Disparate Roles of Cell-Cell Contact and Cytokine Secretion in an In Vitro Model of the Seminoma Microenvironment.

Type II testicular germ cell tumors (TGCTs) are the most common solid malignancies in young men and are classified into seminomas and non-seminomatous subtypes. Seminomas are known for their highly pro-inflammatory tumor microenvironment (TME) with abundant immune cell infiltration. While previous work has demonstrated that the seminoma-derived cell line TCam-2 induces immune cell activation in co-culture and undergoes phenotypic changes itself, the underlying mechanisms remained unclear. To explore the role of direct cell-cell interaction and the effects mediated by soluble mediators such as cytokines, we conducted co-culture experiments of TCam-2 cells with purified human T cells or monocytes, including Transwell assays and treatments with IL-6, TNFα, or their respective blocking antibodies Tocilizumab and Adalimumab.
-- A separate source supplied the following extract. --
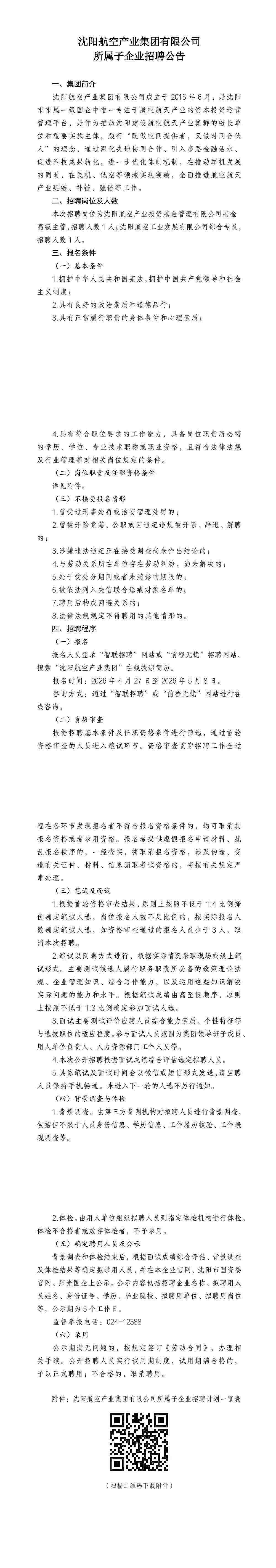 沈阳航空产业集团有限公司所属子企业招聘公告

In this way, we found that immune cell activation, indicated by enhanced secretion of pro-inflammatory cytokines and an upregulation of activation markers, strongly depended on direct physical contact between both cell types. Nonetheless, we also unveiled the role of soluble mediators in both immune cell activation and promoting a shift in TCam-2 cells from a seminoma-like phenotype to a more dedifferentiated phenotype, suggesting that cytokines critically shape the TME. These observations highlight the complexity of tumor-immune interactions in the seminoma microenvironment, offering new insight into immune-driven dynamics in TGCTs.